Question

C4H8 (g) + O2 (g) -> CO2 (g) + H2O (g)
Give ∆HR = -1255 KJ and
Hf of CO2 = -394 KJ/mol, H2O = -241 KJ/mol
a) Find Hf of C4H8
b) Find heat of reaction given by 51.9 g of C4H8 (g)
The thing I am not sure is about is the Delta Hr... Since it's given in Joules, should I also change it to KJ/mol or not?

Answer 1

are you okay with a)?

For b) -1255 kJ/mol is already in kJ/mol. you just need to convert the mass given to moles then multiply.

Answer 2

Well for a) I added the products up, and used Delta H = Products - reactants
So -635 - Hr = -1255
-Hr = -620
Hr = 620
The thing is, I am not sure if that's correct, considering -1255 is given in KJ and not in KJ/mol... Do I just have to divide it by the equation's moles, which totals to 4 or something?

for b)
isn't -1255 for the whole equation and not just C4H8? Or am I missing something?

Answer 3

i'm not sure what you're doing for a)

the equation is right but your set up is not.

it should be \(-1255 kJ= (H^{butane}_f)-[(4*(-394 ~kJ/mol))+(4*(-241~kJ/mol))]\)

then solve for \(H^{butane}_f\).

for b) yes it's for the whole equation, but it's in terms of the "normalized" moles, you would have to divide the moles of butane by it's stoichiometric coefficient before multiplying by -1255 kJ/mol, but since it's coefficient is 1, then you can skip that.

Answer 4

i just realized i put the reactants in place where the products should be and viceversa.

the equation should actually be:

\(−1255kJ=[(4∗(−394 kJ/mol))+(4∗(−241 kJ/mol))]-(H^{butane}_f)\)

Answer 5

Ah ha. But why doesn't it matter that the KJ is on one side and I am subtracting/adding the KJ/mol? Or... Did you multiply the 4 as in that's all the moles?
IF you did, aren't the Hf fo those specific substance? ARRGH... I am confused.
Whatever, so I can find the KJ of Butane by using that, which is
-1255 KJ = -2540KJ - Hf Butane
Hf butane = -1285KJ

and for b)
51.5g butane = 0.920 Moles of butane x -1255 KJ/mol = 1154 KJ produced by butane

So that's that, right?

Answer 6

it should be "kJ/mol" because \(H_{rxn}\) is in units per mole.

the 4's come from the stoichiometric coefficients in the balanced chemical equation.

The Hf's are specific to those substances, not sure what i wrote that would make you think otherwise.

b) is fine, except for the sign on your final answer (it should be negative).

Answer 7

Sorry, just kind of new to this concept... Although I learned what to do in class, I am not too sure what they mean individually. like Hf = heat formation, means that's the energy required for the equation to happen, right?
But then what's the KJ/mol suppose to represent? The amount of KJ needed to move them or something?

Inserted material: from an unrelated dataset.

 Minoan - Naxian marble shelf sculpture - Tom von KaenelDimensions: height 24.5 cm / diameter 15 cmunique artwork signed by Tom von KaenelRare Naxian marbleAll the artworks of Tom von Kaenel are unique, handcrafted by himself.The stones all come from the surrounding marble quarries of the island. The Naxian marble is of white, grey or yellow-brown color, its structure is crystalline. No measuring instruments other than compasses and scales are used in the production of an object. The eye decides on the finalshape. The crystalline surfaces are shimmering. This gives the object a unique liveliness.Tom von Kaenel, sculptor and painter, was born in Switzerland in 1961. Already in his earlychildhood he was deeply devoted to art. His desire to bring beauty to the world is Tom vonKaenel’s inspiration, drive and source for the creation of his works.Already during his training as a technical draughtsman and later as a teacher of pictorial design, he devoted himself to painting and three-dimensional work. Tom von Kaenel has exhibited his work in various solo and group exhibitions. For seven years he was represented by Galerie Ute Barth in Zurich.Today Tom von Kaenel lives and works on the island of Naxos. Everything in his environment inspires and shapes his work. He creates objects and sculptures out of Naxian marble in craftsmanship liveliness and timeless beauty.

Why do I have to multiply the Hf by the stoichiometric coefficient? What's the reason for that?

Answer 8

the enthalpy of formation is the energy necessary to "make" the molecule essentially "from scratch", as in from elements, C, H etc.

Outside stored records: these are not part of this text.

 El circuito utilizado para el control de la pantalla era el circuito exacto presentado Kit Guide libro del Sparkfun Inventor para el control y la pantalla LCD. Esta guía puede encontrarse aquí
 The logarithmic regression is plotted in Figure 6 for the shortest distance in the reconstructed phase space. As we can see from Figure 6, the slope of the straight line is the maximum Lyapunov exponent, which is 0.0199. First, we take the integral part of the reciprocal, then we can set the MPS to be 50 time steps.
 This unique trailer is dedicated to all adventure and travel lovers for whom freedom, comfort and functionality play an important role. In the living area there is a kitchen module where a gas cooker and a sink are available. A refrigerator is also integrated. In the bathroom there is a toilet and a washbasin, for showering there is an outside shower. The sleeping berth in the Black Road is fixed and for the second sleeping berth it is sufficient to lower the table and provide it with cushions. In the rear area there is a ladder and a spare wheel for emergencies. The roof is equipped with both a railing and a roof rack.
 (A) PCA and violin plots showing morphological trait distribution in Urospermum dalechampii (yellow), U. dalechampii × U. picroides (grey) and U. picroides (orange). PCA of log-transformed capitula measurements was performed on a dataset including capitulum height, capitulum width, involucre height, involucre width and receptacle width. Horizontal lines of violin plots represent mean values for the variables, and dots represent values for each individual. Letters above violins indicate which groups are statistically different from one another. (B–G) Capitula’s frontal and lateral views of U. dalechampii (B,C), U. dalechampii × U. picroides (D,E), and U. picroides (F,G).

These values are standards calculated, and as all standards are, they are in units of energy per mole.

You multiply by the coefficients because you need to account for the number of molecules/moles in the chemical equation since these values are per mole.

Answer 9

i should mention that the enthalpy values for the heat of formation are the bond energies that result form making said bonds.

Answer 10

Uh... I still can't intuitionally get why we need to multiply by the moles in the whole equation. I understand that the equation is describing what's happening with each mole of substance, and that the heat formation... Wouldn't the Heat Formation of the products just be for them? Why do I have to multiply by 4 if it's just for them?

Answer 11

C4H8 (g) + 4O2 (g) -> 4CO2 (g) + 4H2O (g)

because you're forming 4 moles and the value you have (Hf) is per one mole.

Answer 12

like if you had: 1 bag of flour + water -> 4 cupcakes + 4 cookies

if each cupcake took 50 kJ to make and you made 4, you'd need to multiply 4 by 50 kJ.

Answer 13

OH! So it wasn't balanced... Thank you very much! You are simply the best.